Returns a copy of the list of indices used for calibration.

In JaB+, all original training samples contribute to calibration through the out-of-bag mechanism.

Returns:

Type Description
list[int]

list[int]: Copy of integer indices (0 to n_samples-1).

Note

Returns a defensive copy to prevent external modification of internal state.

n_bootstraps property
n_bootstraps: int

Returns the number of bootstrap iterations.

aggregation_method property
aggregation_method: Aggregation

Returns the aggregation method used for OOB predictions.

fit_calibrate
fit_calibrate(
    x: DataFrame | ndarray,
    detector: BaseDetector,
    seed: int | None = None,
    weighted: bool = False,
    iteration_callback: Callable[[int, ndarray], None]
    | None = None,
    n_jobs: int | None = None,
) -> tuple[list[BaseDetector], np.ndarray]

Fit and calibrate using Jackknife+-after-Bootstrap method.

This method implements the JaB+ algorithm: 1. Generate bootstrap samples and train models 2. For each sample, compute out-of-bag predictions 3. Aggregate OOB predictions to get calibration scores 4. Train final model on all data

Parameters:

Name Type Description Default
x DataFrame | ndarray

Input data matrix of shape (n_samples, n_features).

required
detector BaseDetector

The base anomaly detector to be used.

required
seed int | None

Random seed for reproducibility. Defaults to None.

None
weighted bool

Not used in JaB+ method. Defaults to False.

False
iteration_callback Callable[[int, ndarray], None]

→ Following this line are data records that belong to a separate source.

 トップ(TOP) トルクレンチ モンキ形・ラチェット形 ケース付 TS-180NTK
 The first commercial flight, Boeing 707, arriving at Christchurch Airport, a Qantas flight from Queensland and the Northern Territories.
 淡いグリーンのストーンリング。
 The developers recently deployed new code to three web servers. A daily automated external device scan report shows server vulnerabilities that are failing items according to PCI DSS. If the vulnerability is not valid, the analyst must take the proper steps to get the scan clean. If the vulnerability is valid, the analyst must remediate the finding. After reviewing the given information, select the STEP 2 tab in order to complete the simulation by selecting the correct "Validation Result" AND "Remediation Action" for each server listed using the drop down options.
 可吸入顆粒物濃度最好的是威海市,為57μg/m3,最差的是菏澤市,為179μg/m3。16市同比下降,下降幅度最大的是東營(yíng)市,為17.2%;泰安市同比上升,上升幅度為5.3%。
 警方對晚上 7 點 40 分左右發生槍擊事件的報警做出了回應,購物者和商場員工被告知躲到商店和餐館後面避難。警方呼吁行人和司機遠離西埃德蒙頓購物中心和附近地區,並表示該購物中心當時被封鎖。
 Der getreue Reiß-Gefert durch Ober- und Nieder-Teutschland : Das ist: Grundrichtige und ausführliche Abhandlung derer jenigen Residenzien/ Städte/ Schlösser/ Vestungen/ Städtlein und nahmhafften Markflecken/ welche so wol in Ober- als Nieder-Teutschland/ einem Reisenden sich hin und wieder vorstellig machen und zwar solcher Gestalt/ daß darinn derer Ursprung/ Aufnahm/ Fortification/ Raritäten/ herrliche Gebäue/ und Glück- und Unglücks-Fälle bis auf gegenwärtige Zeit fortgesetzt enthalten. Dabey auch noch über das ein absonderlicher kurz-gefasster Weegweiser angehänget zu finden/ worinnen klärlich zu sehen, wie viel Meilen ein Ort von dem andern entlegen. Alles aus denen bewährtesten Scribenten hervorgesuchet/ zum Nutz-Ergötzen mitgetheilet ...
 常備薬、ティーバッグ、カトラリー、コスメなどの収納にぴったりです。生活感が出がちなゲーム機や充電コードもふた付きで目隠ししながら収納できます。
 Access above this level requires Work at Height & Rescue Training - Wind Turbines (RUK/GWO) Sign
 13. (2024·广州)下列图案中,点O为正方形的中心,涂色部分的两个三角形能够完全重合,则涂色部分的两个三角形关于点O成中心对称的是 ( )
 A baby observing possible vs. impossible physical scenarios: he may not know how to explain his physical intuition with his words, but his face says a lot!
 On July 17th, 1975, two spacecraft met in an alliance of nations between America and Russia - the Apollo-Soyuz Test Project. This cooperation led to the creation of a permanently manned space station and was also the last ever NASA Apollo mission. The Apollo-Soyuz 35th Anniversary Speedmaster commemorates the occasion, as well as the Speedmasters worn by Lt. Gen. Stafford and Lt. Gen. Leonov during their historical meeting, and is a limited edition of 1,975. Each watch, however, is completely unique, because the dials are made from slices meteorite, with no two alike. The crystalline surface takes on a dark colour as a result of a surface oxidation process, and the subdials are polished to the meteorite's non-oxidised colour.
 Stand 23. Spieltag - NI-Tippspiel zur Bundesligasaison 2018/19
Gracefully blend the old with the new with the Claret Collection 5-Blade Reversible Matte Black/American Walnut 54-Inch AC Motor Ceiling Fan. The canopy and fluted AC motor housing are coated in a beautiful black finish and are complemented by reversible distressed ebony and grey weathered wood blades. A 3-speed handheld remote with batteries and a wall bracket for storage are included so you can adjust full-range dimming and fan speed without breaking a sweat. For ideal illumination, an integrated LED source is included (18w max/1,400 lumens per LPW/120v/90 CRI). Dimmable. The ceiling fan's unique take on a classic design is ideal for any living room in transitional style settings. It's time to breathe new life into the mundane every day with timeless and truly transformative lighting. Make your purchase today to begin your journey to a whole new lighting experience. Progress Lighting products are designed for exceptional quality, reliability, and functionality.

Optional callback function that gets called after each bootstrap iteration with the iteration number and current calibration scores. Defaults to None.

None
n_jobs int

Number of parallel jobs for bootstrap training. If None, uses sequential processing. Defaults to None.

None

Returns:

Type Description
tuple[list[BaseDetector], ndarray]

tuple[list[BaseDetector], list[float]]: A tuple containing: * List of trained detector models (if plus=True, single if plus=False) * Array of calibration scores from JaB+ procedure

Source code in nonconform/strategy/jackknife_bootstrap.py
def fit_calibrate(
    self,
    x: pd.DataFrame | np.ndarray,
    detector: BaseDetector,
    seed: int | None = None,
    weighted: bool = False,
    iteration_callback: Callable[[int, np.ndarray], None] | None = None,
    n_jobs: int | None = None,
) -> tuple[list[BaseDetector], np.ndarray]:
    """Fit and calibrate using Jackknife+-after-Bootstrap method.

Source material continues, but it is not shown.